Let me ask you: The exclusive Right in Article I, Section 8
– Is it part of life, liberty or property in the Fifth
Amendment? This is just one example where exclusive Right
is understood not to be part of life, liberty or property.
Another example is the rights that come with Americans with
Disabilities Act. You don’t find these rights in the Fifth
Amendment’s life, liberty or property.
As I said repeatedly, you need to show court ruling that
shows that all rights are found in life, liberty or property.
The fact that you could not produce any court ruling gives
a very strong indication that your position is not correct.
You asked me how a private party can deny rights. As I told
you repeatedly, a party can waive its rights or restrain itself
from exercising rights through agreement. Some laws specifically
disallow any agreement that will restrain or waive some rights.
This is also true for freedoms.
As I said before, it is not necessary to have GPL tested in any
court. We have enough court cases to analyze any license.
Apparently, you did not read the last paragraph in my comment
dated “Oct 28 05 at 4:35 PM.”
You have total freedom to believe and accept Stallman’s Orwellian
definition of “free”. That’s your business. Here, I am defending
the true spirit of freedom by showing how GPL and other so-called
“free” licenses differ from the public domain where freedom truly
is alive.
Joseph Pietro Riolo
<[email protected]>
<[email protected]>
Public domain notice: I put all of my expressions in this
comment in the public domain.
Fifth Amendment focuses on the relationship between the government
and people. The government can’t deprive people of their life,
liberty, or property (let’s be careful with words here, the
word “rights” does not exist in Fifth Amendment).
Nor, for that matter, does the word “government”. Regardless, courts are a branch of the government whose powers are being limited here, and only through courts can license terms be enforced.
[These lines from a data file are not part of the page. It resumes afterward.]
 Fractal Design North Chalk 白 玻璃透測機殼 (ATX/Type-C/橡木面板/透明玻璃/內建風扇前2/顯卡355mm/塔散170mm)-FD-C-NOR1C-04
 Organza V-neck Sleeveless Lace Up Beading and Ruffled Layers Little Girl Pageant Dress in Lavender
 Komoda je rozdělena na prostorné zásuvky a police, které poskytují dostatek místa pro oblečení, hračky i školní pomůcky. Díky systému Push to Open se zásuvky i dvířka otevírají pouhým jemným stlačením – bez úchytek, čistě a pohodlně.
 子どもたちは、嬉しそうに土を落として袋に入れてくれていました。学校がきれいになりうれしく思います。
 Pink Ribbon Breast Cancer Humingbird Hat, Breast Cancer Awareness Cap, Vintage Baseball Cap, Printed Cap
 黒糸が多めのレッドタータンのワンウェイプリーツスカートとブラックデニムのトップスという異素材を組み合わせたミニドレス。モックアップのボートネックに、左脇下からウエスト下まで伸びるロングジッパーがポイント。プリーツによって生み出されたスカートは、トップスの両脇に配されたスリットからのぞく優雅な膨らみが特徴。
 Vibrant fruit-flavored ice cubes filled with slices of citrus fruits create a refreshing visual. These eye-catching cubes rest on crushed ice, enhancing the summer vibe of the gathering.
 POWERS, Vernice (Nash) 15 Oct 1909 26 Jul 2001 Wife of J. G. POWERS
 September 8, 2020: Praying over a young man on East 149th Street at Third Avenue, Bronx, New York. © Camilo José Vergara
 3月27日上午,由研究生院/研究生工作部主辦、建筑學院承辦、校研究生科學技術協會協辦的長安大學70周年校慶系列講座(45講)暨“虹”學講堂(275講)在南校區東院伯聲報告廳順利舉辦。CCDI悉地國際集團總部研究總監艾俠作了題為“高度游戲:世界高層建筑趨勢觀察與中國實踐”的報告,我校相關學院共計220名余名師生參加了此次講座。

And no, the mere involvement of a court does not constitute due process.
But what meaning has the word “liberty” in this context if any lawful right can be excluded? Put another way, how can one be prevented from exercising a lawful right without depriving him of liberty?
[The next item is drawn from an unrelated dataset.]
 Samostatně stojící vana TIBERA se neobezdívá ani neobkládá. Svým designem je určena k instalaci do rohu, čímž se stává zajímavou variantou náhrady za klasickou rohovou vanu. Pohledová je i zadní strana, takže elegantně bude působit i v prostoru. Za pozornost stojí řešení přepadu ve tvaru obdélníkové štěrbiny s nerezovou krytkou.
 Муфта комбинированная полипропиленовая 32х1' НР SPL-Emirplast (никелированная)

Moreover, how can a private party deny rights, except by the power of the government? When we talk about “fair use”, we’re talking about the freedom to do certain things without fear of being sued. Certainly a suit can be filed for any reason, but until the government steps in via the courts, no one need fear if the complaint is not one allowed under law. And my contention is that no one whose claim of copyright infringement is barred by the fair use doctrine and the law implementing it has any claim under the GPL. The lack of any court case testing this for over fourteen years does not cast any meaningful doubt on that question; quite the contrary. The range of litigation in this country’s history suggests that if a complaint can be prosecuted, it will.
And back to your very first comment again: the suggestion that Larry Lessig, law professor and specialist in intellectual property law, and a special fan of the GPL in particular, does not “grasp” its fundamental nature is an insult that only suggests a lack of “grasp” on your part. If he is embracing a Communist, or Orwellian, cause, he is doing so with full knowledge; he certainly does not fail to grasp its implications.
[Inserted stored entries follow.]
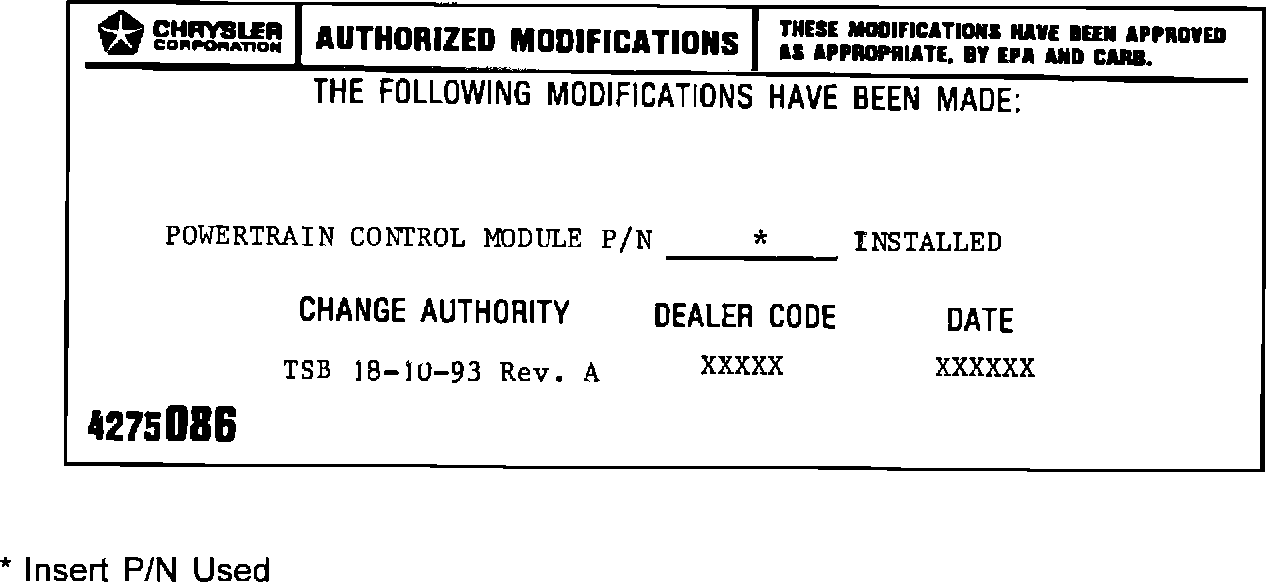 This repair involves replacement of the Powertrain Control Module (Single Board Engine Controller - SBEC) with a revised one.
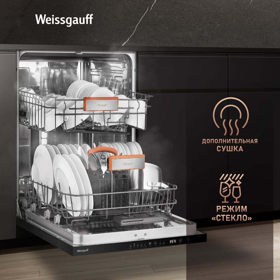 До 12 комплектов посуды одновременно вы можете расположить в данной посудомоечной машине, благодаря современным продуманным и эргономичным корзинам, которыми Weissgauff оснастили эту модель!
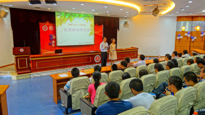 举办的2013届优秀群体报告大会于2013年9月29日下午14:30在弘德楼凯撒报告大厅举行,出席本次大会的领导有学院党总支副书记冉久飞、团总支副书记李青松、老虎机
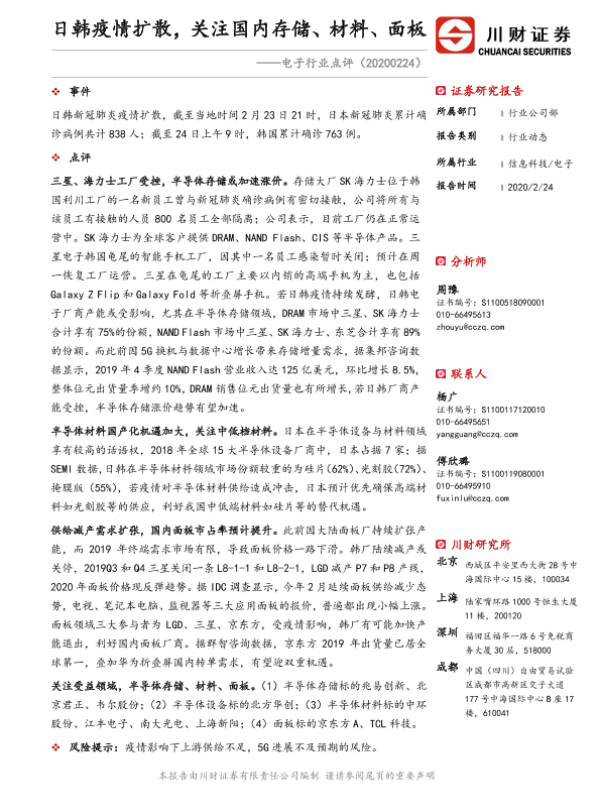 【川财证券】【20200224】电子行业点评:日韩疫情扩散,关注国内存储、材料、面板-2页 证券期货研究报告
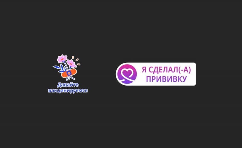 Плюс у каждого стикера есть несколько вариантов отображения — кликайте по стикеру, чтобы его поменять. Со сменой дизайна, меняется и надпись: «Я сделал прививку», «Давайте вакцинируемся» или «Вакцины спасают жизни».

But you do Stallman a disservice as well; socialist though his politics clearly are – even Orwellian if you will, considering his support of intrusive government regulation of business and industry – there is no duplicity or deception in his naming this “free” software, because there is no abridgement of anyone’s valid rights either intended or enabled by the GPL.
Nothing you have said has advanced a coherent, logical argument supporting either contention. This and your haughty, dismissive tone could well explain why the Professor has not seen fit to dignify your comments with a response – an example I will now emulate.